The President will of course make the standard speech full of the usual bromides about paying tribute to the brave soldiers who gave up their lives during the siege of Bataan so that all of us today may enjoy the blessing of freedom and how we should honor their heroism and martyrdom at Bataan and Corregidor (which held out until May 1942) and relate this to our own lives yadda, yadda, yadda.
It was realization of the ignoble nature of the debacle that prompted the renaming of “Bataan Day” to Araw ng Kagitingan, to make it a sort of generic Memorial Day, and paper over the awkward fact that the United States abandoned the Philippines in Bataan as a matter of cold expediency, but not after feeding our leaders a string of lies to the very end. In Manchester’s account:
Upon leaving his capital (Manila) on Christmas Eve, he (President Manuel Quezon) writes in his memoirs, he and his cabinet had been “very hopeful that before Bataan and Corregidor were forced to surrender, sufficient help would come for American and Filipino forces to take the offensive and drive the enemy out of the land.” But now his doubts were growing. Each time he had mentioned them to MacArthur, the General had reassured him, “I will bring you in triumph to the points of my bayonets to Manila.” Quezon replied submissively, “I am willing to do what the government of the United States may think will be most helpful.” Now, however, he was growing mutinous. On January 22, while he was sitting under a canvas canopy outside the tunnel entrance (in Corregidor) and swatting at passing flies, his radio set picked up a Roosevelt fireside chat. The President spoke vehemently of the Allied determination to defeat Berlin and Rome first; Tokyo’s turn would come later. As the broadcast continued with no mention of the Philippines, it’s president’s face grew redder and redder. Finally, he shouted to everyone within earshot: “Come listen to this scoundrel. Que demonio! How typical of America to writhe in anguish at the fate of a distant cousin, while a daughter, the Philippines, is being raped in the back room!”.
Quezon’s rage subsided, but without consulting MacArthur further he sent FDR a wire. “This war is not of our making, ” he reminded Roosevelt. No government, he said, “has the right to demand loyalty from its citizens beyond its willingness or ability to render actual protection.” He said, “It seems that Washington does not fully realize our situation nor the feelings which the apparent neglect of our safety and welfare have engendered in the hearts of the people here, “ and he pleaded for help.

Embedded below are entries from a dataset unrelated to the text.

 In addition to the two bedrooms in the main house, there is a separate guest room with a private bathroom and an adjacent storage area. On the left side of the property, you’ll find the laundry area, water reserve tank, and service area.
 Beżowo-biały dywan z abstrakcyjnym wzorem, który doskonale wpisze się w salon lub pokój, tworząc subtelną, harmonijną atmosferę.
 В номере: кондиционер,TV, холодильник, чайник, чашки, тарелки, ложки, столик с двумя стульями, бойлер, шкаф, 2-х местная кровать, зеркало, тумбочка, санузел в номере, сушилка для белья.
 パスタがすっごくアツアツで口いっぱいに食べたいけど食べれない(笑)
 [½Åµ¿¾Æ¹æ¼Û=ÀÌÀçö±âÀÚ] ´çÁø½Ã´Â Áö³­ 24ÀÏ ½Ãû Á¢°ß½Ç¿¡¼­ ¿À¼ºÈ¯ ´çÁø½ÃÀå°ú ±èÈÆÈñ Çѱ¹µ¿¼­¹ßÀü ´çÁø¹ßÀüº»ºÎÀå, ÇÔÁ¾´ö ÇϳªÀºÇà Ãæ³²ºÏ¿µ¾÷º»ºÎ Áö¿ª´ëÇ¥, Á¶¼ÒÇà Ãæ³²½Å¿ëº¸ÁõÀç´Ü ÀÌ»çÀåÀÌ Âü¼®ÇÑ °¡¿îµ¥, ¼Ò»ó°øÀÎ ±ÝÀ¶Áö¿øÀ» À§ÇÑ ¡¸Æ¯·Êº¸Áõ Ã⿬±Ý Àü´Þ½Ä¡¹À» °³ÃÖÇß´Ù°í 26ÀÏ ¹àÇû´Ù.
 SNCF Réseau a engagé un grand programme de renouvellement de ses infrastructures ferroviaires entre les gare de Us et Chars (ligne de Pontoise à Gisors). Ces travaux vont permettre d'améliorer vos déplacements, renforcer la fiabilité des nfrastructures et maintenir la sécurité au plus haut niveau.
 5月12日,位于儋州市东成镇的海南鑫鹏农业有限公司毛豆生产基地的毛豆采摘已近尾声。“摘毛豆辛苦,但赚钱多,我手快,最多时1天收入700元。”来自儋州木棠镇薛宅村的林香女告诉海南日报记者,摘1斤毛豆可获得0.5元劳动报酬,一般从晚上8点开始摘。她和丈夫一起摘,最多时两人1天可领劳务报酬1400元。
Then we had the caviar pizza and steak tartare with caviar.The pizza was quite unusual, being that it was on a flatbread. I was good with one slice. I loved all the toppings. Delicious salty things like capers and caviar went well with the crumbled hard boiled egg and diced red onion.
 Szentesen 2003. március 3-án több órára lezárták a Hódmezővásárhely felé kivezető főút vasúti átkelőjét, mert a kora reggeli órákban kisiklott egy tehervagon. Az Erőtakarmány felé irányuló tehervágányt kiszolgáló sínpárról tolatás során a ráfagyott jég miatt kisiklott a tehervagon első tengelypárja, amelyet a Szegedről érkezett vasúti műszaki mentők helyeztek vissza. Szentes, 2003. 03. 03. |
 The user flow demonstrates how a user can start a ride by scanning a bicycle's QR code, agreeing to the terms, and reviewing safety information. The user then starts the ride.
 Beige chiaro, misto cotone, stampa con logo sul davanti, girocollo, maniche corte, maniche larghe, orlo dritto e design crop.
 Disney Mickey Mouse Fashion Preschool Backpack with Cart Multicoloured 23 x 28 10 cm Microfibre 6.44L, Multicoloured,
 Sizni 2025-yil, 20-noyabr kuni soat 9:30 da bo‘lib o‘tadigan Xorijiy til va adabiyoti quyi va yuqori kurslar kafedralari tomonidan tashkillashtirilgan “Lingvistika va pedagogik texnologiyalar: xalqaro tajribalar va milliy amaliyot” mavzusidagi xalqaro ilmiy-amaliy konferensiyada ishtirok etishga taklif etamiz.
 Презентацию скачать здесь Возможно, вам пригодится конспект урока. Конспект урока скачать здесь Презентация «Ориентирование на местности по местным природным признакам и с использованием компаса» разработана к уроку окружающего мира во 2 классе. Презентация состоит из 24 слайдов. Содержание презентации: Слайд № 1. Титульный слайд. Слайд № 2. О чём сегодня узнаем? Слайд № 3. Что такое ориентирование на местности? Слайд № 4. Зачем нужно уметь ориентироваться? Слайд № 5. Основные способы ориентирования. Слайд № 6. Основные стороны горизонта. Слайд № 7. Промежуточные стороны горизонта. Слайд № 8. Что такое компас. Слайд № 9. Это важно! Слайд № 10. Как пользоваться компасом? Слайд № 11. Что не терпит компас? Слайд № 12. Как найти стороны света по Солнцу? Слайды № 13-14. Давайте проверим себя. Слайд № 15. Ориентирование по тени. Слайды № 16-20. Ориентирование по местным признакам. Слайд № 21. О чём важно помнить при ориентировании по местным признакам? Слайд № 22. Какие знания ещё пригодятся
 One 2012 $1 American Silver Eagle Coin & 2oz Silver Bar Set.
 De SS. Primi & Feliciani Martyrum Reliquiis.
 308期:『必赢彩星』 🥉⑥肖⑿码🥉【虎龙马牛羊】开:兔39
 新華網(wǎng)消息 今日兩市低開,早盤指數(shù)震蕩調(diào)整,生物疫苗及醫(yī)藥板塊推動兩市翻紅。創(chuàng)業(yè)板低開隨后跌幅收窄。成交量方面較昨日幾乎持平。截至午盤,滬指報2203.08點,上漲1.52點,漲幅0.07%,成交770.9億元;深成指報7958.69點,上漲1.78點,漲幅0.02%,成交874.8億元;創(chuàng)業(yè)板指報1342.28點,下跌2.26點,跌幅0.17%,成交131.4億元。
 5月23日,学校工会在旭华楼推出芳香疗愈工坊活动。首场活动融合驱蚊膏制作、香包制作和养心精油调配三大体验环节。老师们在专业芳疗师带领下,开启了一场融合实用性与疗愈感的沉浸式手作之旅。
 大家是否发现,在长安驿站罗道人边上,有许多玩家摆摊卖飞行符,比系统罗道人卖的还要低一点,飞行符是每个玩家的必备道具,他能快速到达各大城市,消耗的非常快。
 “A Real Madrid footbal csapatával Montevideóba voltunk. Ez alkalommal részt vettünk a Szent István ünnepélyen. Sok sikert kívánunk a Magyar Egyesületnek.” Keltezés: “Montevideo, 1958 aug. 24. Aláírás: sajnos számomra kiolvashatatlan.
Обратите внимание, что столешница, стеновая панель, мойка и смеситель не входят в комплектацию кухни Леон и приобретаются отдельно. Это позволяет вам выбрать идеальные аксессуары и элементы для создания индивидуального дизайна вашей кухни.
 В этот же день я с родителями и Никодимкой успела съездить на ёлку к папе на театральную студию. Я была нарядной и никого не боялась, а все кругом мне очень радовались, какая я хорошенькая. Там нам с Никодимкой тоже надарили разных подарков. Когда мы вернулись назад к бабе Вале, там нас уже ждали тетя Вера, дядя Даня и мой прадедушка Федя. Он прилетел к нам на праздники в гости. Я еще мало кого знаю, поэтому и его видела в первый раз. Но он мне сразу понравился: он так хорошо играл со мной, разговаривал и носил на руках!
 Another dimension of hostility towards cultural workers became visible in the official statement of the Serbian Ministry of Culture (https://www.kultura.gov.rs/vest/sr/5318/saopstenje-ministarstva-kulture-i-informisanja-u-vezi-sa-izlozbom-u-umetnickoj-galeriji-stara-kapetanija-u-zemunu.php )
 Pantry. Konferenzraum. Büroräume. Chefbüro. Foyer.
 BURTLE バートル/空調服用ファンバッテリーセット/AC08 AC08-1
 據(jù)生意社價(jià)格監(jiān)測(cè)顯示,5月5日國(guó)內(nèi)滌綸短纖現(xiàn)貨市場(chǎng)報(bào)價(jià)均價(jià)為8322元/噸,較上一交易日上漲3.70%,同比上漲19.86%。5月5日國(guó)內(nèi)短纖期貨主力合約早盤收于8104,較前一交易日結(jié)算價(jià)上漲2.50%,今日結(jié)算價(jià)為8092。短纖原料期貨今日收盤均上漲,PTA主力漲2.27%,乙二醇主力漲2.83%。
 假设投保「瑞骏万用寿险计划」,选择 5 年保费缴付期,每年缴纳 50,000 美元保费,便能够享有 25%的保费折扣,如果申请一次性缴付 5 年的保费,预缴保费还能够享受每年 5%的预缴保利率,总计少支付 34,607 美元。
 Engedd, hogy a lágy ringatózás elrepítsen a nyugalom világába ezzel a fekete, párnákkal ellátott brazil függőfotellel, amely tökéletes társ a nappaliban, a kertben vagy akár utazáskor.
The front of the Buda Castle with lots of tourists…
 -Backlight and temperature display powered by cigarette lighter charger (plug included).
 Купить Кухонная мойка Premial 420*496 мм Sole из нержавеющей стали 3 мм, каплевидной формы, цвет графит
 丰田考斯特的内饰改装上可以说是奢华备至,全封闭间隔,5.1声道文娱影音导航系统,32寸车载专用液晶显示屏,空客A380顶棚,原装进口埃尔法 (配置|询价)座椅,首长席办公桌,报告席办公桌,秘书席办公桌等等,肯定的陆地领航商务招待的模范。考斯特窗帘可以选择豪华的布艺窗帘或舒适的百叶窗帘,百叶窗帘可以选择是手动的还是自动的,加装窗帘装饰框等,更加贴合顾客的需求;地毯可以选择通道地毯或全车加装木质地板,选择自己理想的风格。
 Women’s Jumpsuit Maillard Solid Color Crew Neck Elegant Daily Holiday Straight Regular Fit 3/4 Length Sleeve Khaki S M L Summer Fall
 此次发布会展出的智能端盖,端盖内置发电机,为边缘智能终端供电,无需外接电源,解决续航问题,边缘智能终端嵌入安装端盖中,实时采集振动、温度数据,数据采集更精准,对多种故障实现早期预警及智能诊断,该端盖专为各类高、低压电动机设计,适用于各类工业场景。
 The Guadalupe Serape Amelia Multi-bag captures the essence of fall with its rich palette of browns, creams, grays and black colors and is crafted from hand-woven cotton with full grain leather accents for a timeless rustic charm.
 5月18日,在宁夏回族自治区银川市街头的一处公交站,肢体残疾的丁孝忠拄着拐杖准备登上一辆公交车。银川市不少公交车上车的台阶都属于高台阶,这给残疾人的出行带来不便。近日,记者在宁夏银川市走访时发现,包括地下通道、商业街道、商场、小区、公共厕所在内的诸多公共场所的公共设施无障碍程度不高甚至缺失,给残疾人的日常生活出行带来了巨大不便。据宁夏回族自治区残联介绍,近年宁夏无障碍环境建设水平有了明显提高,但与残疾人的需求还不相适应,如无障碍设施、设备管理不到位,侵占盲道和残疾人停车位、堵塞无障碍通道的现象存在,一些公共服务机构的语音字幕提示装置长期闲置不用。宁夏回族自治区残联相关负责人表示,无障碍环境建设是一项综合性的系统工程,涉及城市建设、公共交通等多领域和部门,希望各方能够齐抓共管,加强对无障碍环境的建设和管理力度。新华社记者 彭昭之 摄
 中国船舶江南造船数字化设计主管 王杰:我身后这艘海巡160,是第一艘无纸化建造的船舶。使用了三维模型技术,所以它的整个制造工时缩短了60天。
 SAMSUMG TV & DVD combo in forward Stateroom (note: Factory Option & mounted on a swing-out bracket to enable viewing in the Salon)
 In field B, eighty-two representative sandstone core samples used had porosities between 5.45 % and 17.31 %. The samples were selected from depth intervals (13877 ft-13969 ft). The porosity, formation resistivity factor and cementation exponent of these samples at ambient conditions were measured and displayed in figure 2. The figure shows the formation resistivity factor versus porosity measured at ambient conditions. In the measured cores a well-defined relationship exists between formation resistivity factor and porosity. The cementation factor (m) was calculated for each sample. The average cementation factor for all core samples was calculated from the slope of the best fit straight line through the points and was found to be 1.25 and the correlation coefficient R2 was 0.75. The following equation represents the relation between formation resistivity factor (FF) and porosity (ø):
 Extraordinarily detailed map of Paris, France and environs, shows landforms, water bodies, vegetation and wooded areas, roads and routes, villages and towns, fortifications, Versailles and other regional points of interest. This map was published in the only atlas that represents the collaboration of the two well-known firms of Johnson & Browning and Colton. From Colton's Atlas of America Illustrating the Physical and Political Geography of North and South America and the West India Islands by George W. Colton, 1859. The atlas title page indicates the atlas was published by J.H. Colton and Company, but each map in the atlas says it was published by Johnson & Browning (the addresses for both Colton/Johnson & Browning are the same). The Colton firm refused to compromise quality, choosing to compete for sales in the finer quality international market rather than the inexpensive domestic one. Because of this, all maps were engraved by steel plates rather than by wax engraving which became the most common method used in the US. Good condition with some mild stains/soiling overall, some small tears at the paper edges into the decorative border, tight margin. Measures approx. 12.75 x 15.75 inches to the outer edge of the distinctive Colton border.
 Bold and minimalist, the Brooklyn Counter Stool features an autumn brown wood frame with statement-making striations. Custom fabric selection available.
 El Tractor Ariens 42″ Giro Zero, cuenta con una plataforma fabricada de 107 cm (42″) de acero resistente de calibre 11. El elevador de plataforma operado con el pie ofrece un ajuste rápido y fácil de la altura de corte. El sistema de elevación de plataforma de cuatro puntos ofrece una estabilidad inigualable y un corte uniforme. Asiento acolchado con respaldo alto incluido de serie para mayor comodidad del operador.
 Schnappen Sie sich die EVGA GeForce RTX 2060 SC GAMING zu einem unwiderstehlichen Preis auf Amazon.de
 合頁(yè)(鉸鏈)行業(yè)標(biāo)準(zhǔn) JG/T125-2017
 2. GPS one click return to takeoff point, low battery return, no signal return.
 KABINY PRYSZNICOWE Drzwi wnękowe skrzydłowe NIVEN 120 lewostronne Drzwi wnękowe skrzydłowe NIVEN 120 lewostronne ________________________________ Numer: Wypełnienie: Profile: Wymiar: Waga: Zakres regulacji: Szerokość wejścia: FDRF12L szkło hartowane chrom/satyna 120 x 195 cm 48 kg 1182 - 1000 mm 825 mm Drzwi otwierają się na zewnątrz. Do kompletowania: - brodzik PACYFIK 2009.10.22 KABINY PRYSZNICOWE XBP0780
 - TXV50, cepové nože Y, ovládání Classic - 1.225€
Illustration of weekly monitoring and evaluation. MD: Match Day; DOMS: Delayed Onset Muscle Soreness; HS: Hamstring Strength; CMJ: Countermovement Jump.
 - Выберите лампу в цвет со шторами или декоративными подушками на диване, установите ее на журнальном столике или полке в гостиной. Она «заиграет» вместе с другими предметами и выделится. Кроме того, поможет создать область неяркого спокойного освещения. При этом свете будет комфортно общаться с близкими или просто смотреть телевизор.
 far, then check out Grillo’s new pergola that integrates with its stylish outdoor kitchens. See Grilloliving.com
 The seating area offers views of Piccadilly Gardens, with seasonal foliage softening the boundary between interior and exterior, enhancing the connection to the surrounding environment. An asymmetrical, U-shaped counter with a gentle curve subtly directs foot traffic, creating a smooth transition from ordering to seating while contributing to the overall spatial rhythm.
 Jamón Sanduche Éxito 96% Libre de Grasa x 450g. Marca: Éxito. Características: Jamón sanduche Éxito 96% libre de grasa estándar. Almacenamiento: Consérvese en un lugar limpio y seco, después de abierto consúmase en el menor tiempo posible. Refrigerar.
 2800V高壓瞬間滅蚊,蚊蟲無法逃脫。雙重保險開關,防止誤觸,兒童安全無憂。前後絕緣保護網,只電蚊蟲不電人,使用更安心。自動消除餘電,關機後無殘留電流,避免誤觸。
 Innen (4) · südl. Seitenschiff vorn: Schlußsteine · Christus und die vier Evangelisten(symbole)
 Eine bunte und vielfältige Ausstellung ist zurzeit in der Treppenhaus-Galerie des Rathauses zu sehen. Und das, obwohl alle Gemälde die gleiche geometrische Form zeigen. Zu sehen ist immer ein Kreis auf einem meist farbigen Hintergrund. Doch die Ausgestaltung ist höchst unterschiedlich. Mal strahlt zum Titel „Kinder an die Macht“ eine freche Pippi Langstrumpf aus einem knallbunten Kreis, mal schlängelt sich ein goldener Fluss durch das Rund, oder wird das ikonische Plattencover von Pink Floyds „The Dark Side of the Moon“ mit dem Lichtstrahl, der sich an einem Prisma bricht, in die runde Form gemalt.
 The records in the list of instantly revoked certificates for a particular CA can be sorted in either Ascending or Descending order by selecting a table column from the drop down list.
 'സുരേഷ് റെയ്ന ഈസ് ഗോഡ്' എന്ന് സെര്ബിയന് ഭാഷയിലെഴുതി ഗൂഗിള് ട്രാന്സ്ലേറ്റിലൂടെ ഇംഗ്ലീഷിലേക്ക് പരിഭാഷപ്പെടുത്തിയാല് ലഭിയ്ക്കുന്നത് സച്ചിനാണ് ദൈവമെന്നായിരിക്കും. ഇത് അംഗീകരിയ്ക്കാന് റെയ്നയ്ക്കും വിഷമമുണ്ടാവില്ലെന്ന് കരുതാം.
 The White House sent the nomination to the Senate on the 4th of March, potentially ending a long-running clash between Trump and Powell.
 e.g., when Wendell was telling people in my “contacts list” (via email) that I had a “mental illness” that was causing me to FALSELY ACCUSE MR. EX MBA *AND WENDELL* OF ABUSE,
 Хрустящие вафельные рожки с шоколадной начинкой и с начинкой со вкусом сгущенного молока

FDR’s answer to this eloquent appeal is hard to comprehend, let alone defend. Roosevelt said: “Although I cannot at this time state the day that help will arrive in the Philippines… vessels…have been filled with cargo of necessary supplies and have been dispatched to Manila. Our arms, together with those of our allies, have dealt heavy blows to enemy transports and naval vessels… A continuous stream of fighter and pursuit planes is traversing the Pacific… Extensive arrivals of troops are being guarded ny adequate protective elements of our Navy.” It would be difficult to frame a statement more at odds with the truth, or one surer to boomerang. Ten days later the President radioed the defenders (of Bataan and Corregidor) that no more could be done for them. At the end of this singular about-face he told MacArthur: “I… give you this most difficult mission in full understanding of the desperate situation to which you may shortly be reduced.”
That FDR was a cold-blooded SOB.
related to your entry are the feb. 6-8 entries of gen. basilio valdes, in his diary, here:
http://philippinediaryproject.wordpress.com/category/diary-of-gen-basilio-valdes/page/7/
manchester was not the most accurate though the most famous of macarthur biographers. richard connaughton’s “macarthur and defeat in the philippines” is more interesting.
eventually i’ll be posting the bataan-related entries of f.b. harrison who interviewed the protagonists in corregidor.
Thanks for the link, its a treasure trove of first hand accounts, really fascinating. Couldn’t stop reading. Looking forward to your future posts. Thanks for reading my blog.